Nella loro forma esteriore, gli animali, come esseri singoli, le piante meno di essi e ancor meno i minerali, sono immaginazioni di Arimane.
Venendo coscientemente dominate e smorzate le impressioni esteriori dei sensi, viene a trasformarsi quell’anima cosciente che appunto si forma per mezzo di esse. L’anima cosciente viene purificata, affinata, tratta verso il suo interno: può invertire il suo movimento: si trasforma in coscienza immaginativa: che è la sua vera formazione. Tale formazione è contraddetta dall’accentuazione del senso dell’io contingente nella civiltà moderna, persino nel campo del pensiero, in cui di solito si tiene ad avere il proprio pensiero, il proprio punto di vista: mentre i pensieri non ci appartengono e l’anima cosciente appartiene a quell’Io che tende ad effondersi nell’Infinito e che ovunque si riconosce nell’altro.

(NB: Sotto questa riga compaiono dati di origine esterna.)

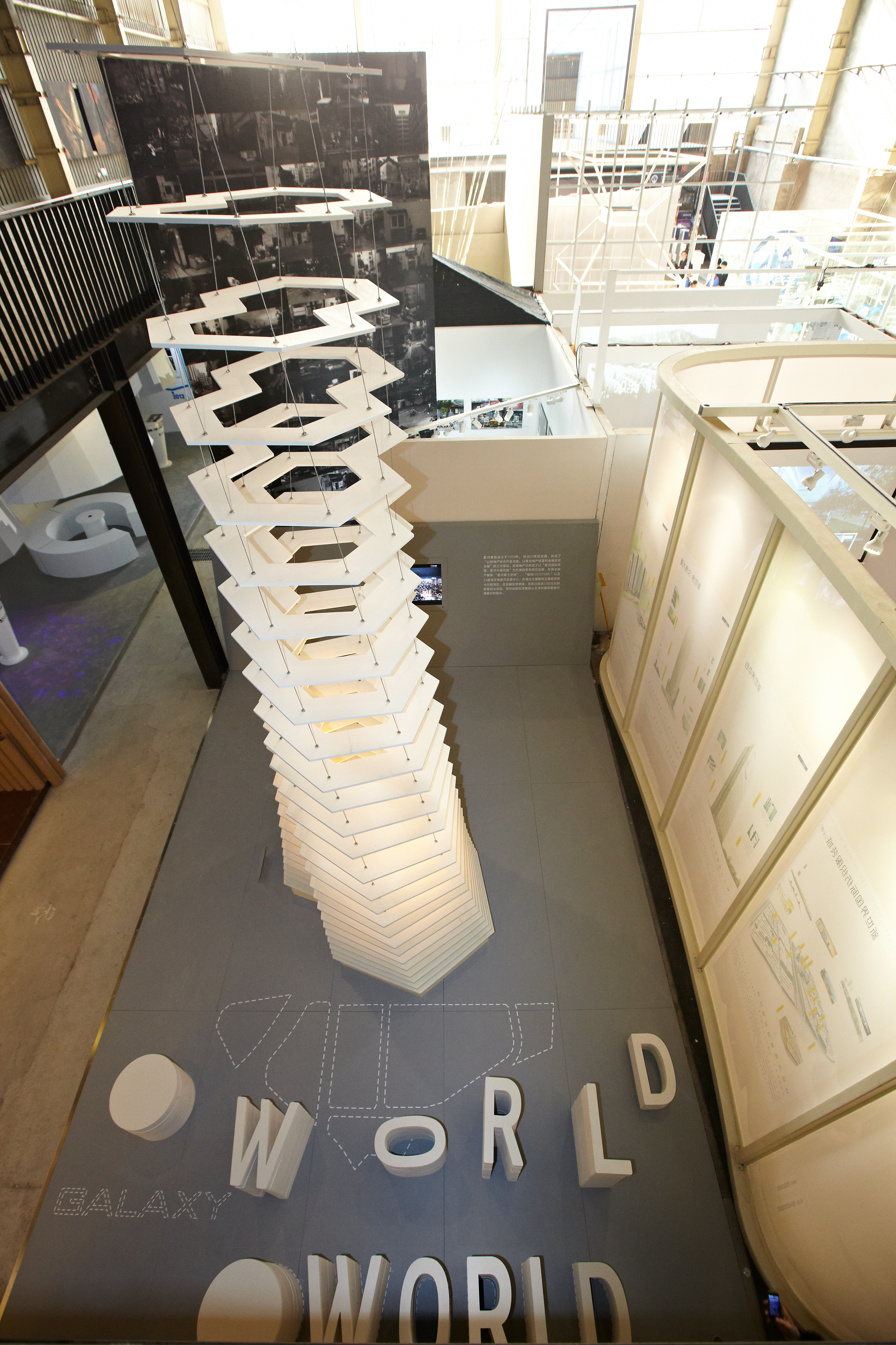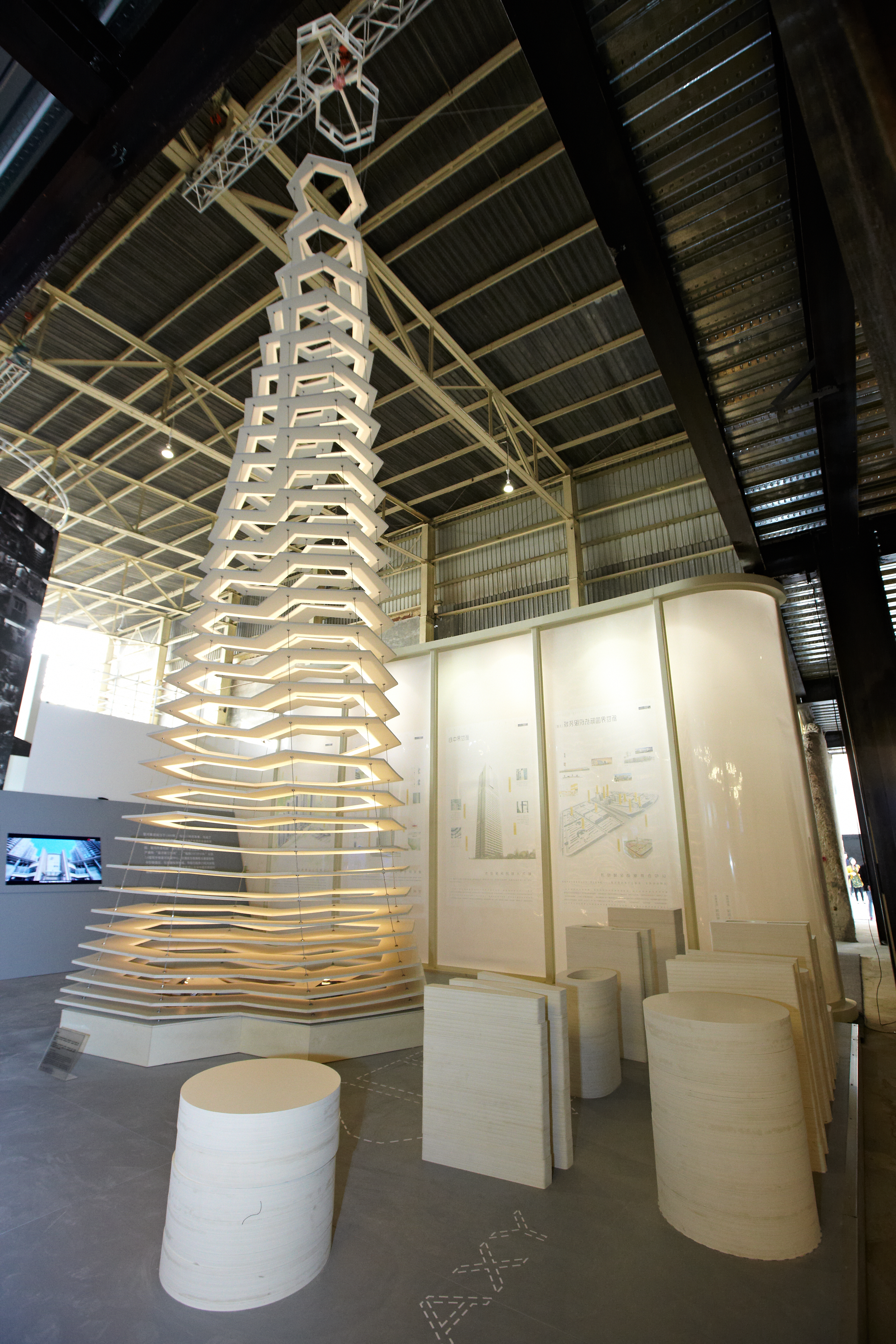 在本屆雙年展中,星河集團(tuán)通過堆疊星河雙螺絲造型,最終落地成十幾米高的星河塔,雙螺絲造型,意味著穩(wěn)定的六邊形,類似蜂巢,意味著兢兢業(yè)業(yè)的團(tuán)結(jié)。它象征了在歲月的積累與能量的匯聚。而這座塔,也象征了文化匯聚的過程:每一個(gè)被遺落的邊緣文化,都會(huì)因?yàn)槿藗兊闹饾u關(guān)注,慢慢匯聚,從而步入主流成為城市不可或缺的精神養(yǎng)料。
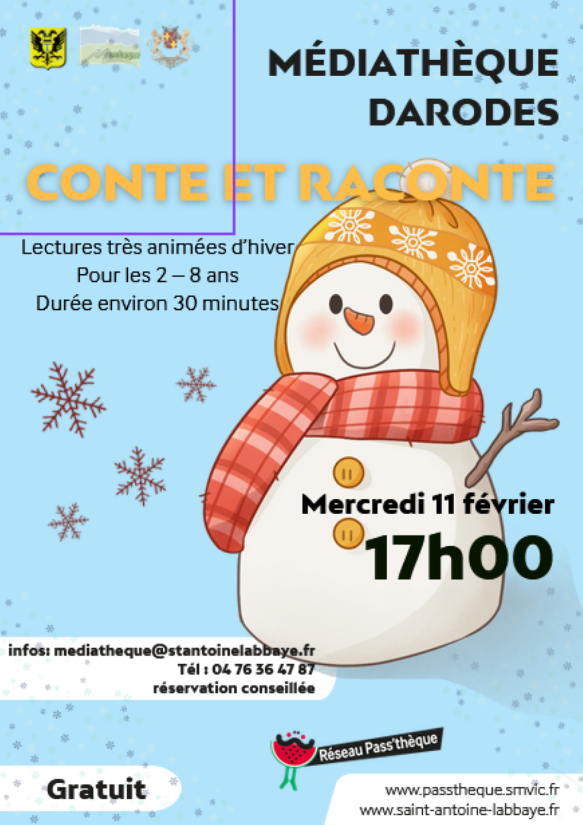 Lectures animées pour les 2-8 ans à la médiathèque Darodes à St Antoine l'Abbaye.
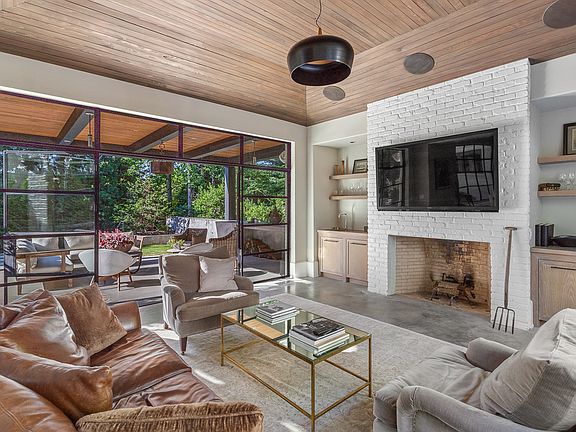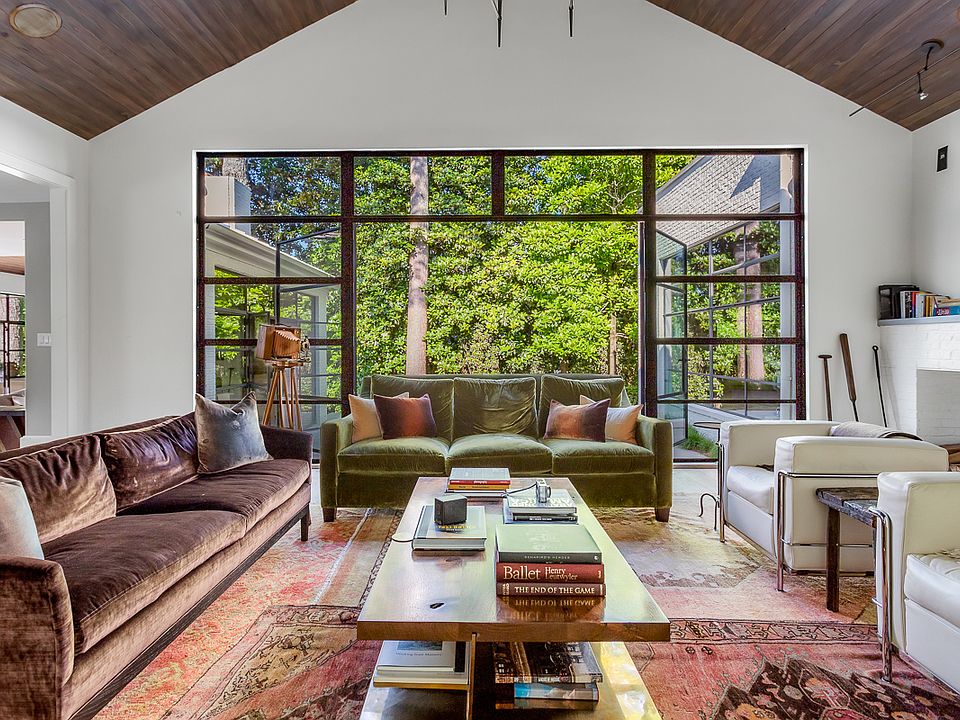 More photos, details, and floorplans at www.Buckhead.com/550 All you can say is “wow” when stepping inside this effortlessly cool custom home in Chastain Park. 4570 Powers Ferry is truly exceptional, embodying California-cool modern design paired with midcentury aesthetics and casual artistic flair. The whitewashed brick facade is accented by oversized metal windows and doors that open to the natural beauty of the property’s lush landscaping. From inside this beautiful home sight-lines extend in all directions bathing the spaces in natural light and bringing serene vistas into each room. Atlanta Magazine has featured this home, citing its sex appeal and “a sort of Rat Pack glamour.” Sleek spaces and clean lines offer a prime setting to showcase your art collection and fine furnishings. The well-known firm Siegel Construction and Design not only designed and built this home, they have continued to maintain it. The home cannot be seen from the street and offers total privacy on all sides, while still walkable to 300 acres of recreation at nearby Chastain Park.
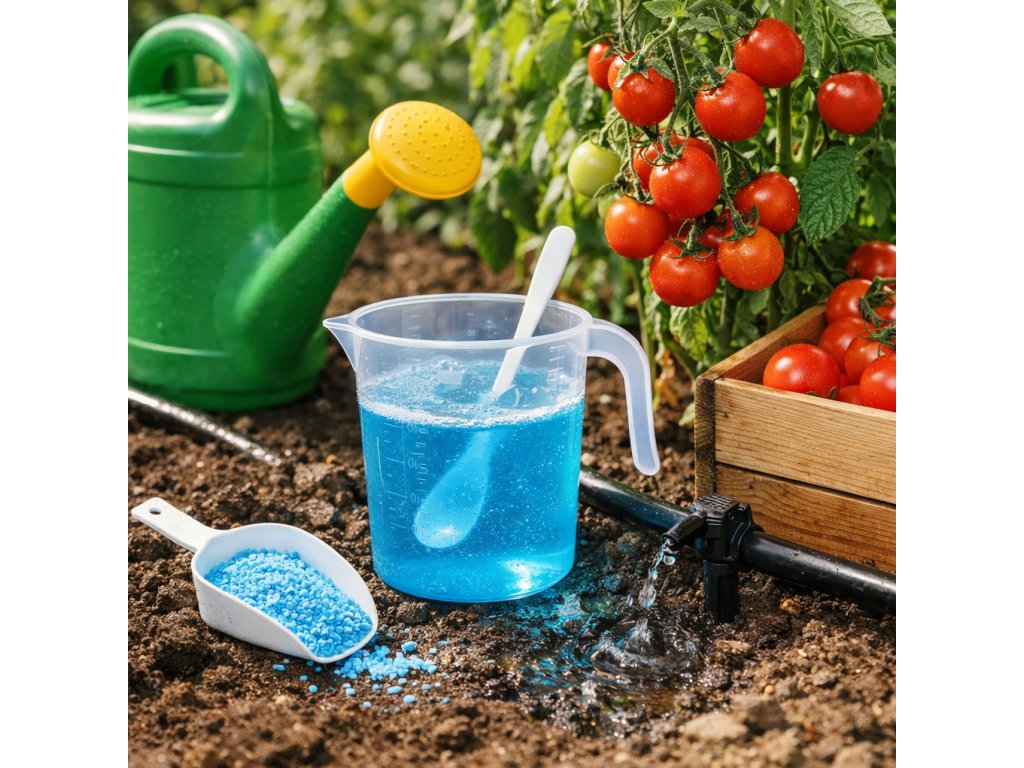 - 1 odmerka (10 g) hnojiva na 10 l vody
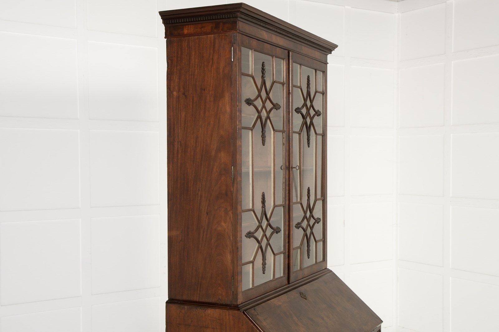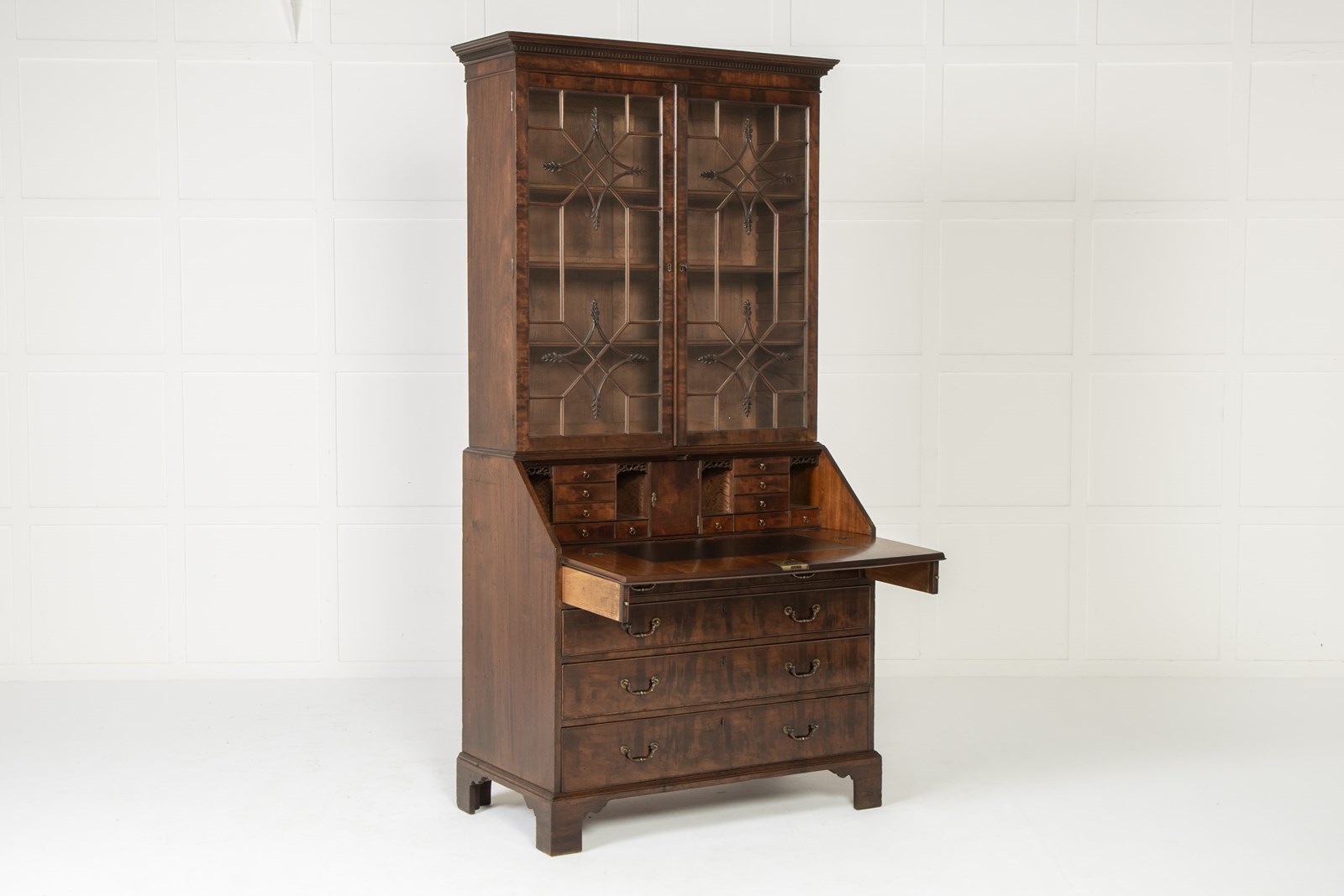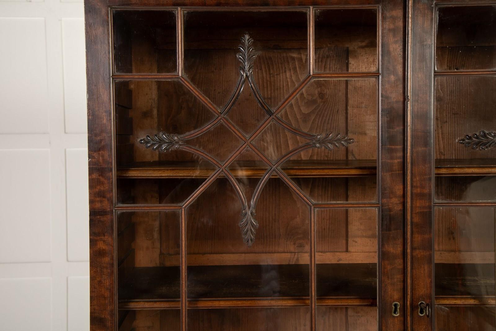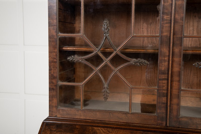 This bureau cabinet or bookcase is veneered throughout in highly figured mahogany. Beginning at the top, the piece has a dentilled cornice above a pair of glazed doors with an intricate astragal glazing bar pattern. The pattern consists of two concave-sided diamonds with leafy carved detailing to each point set against a series of geometric patterns. This intricate and very elegant design relates very closely to a series of drawings for glazing bars made by the London cabinet maker George Speer. One of the leading makers of the period, you can learn more about Speer and his output here:

Chi coltiva i cinque esercizi e le precedenti immaginazioni coopera con le Gerarchie. E chi sappia abbracciare questa idea in tutta la sua grandezza, con dedizione, sente che presso ad ogni pericolo, lotta, terrore, egli è collegato con la trasformazione del Cosmo e muove incontro alla beatitudine del mondo spirituale. L’Iniziato è forte del pensiero che rimuove ogni terrore, del pensiero che è entusiasmo e coraggio: il pensiero della cooperazione con gli Dei. E pensare ciò è già tale cooperazione.